• Task instructions: Reproduce every line of the data, exactly and without its pictures.

• Dataset extract:
··········

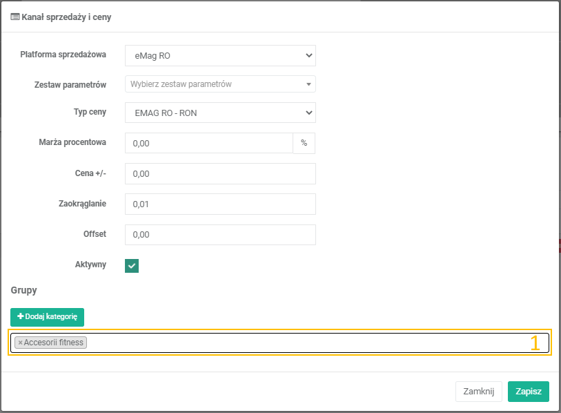 | Kanały sprzedaży i ceny > Grupy | Grupy | 1 | 1. Szczegóły kategorii i produktu | Kategoria | 1 | Można przekazywać tylko jedną grupę. |
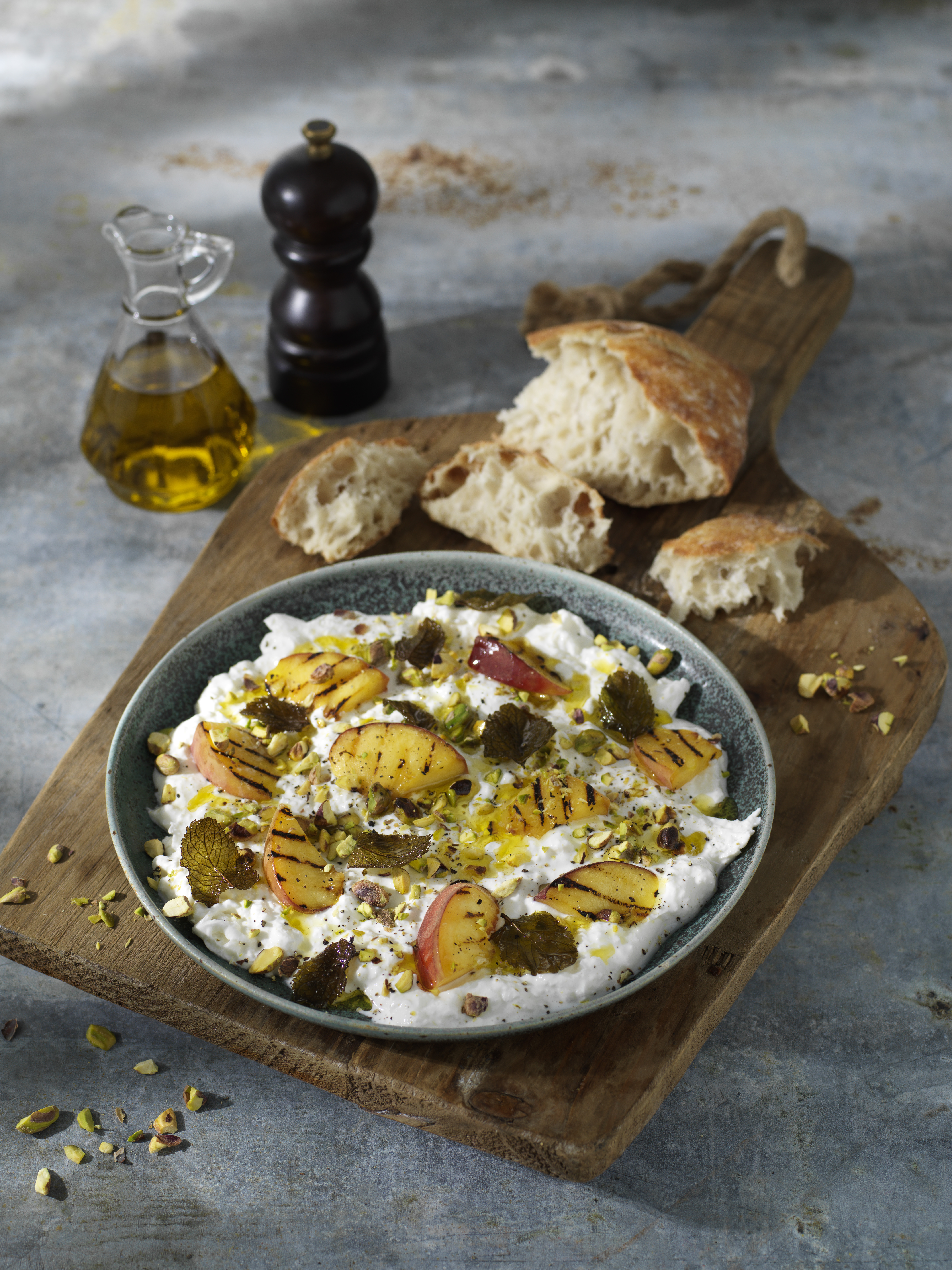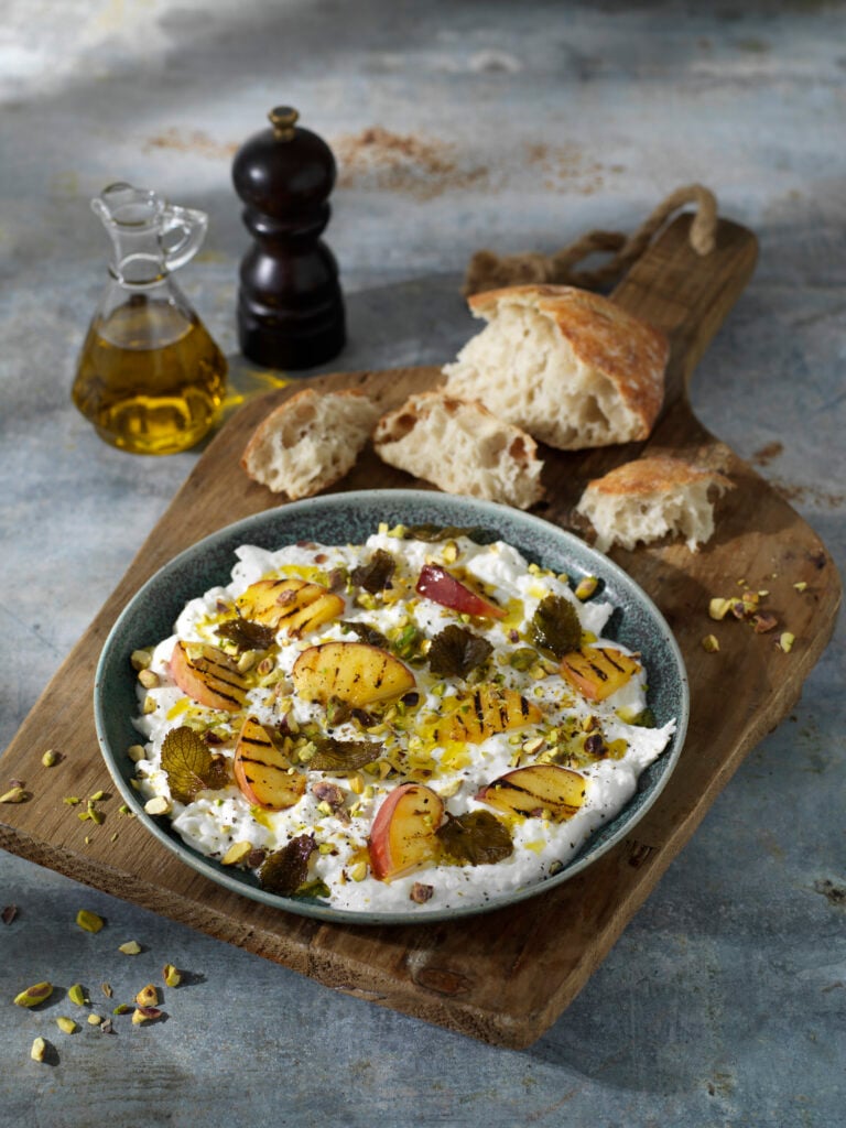 Burrataboard med persika och mynta
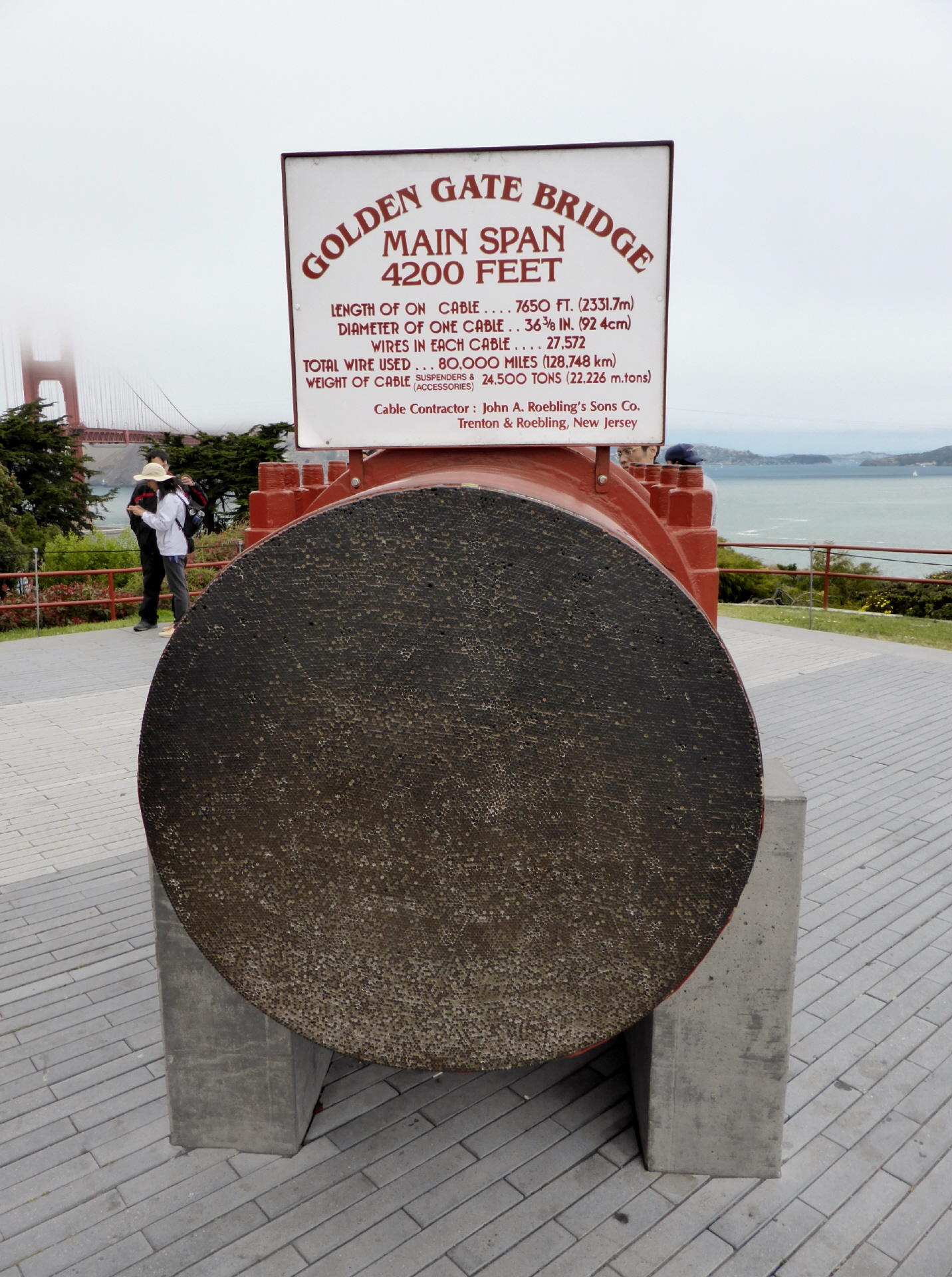 Technische Daten ‚Golden Gate Bridge‘: Gesamtlänge inkl. Auffahrtsrampen 2,789 km / Länge des Hängeseils der Brücke 1,966 km / Länge der Hauptspannweite 1,28 km / Breite der Brücke 27,4 m / Höhe der Pfeiler 227 m / Maximale Tiefe des Fundaments 33,5 m / Entfernung vom Meeresspiegel 67 m / max. Querschwingung 8,4 m / max. Schwingung nach unten 3,3 m / max. Schwingung nach oben 1,8 m / Kabeldurchmesser 0,92 m / Kabellänge 2,332 km / Anzahl von Metalldrähten in jedem Kabel 27,572 / Kabelgewicht 21‘770 t

··········

• Written answer:
 | Kanały sprzedaży i ceny > Grupy | Grupy | 1 | 1. Szczegóły kategorii i produktu | Kategoria | 1 | Można przekazywać tylko jedną grupę. |
 Burrataboard med persika och mynta
 Technische Daten ‚Golden Gate Bridge‘: Gesamtlänge inkl. Auffahrtsrampen 2,789 km / Länge des Hängeseils der Brücke 1,966 km / Länge der Hauptspannweite 1,28 km / Breite der Brücke 27,4 m / Höhe der Pfeiler 227 m / Maximale Tiefe des Fundaments 33,5 m / Entfernung vom Meeresspiegel 67 m / max. Querschwingung 8,4 m / max. Schwingung nach unten 3,3 m / max. Schwingung nach oben 1,8 m / Kabeldurchmesser 0,92 m / Kabellänge 2,332 km / Anzahl von Metalldrähten in jedem Kabel 27,572 / Kabelgewicht 21‘770 t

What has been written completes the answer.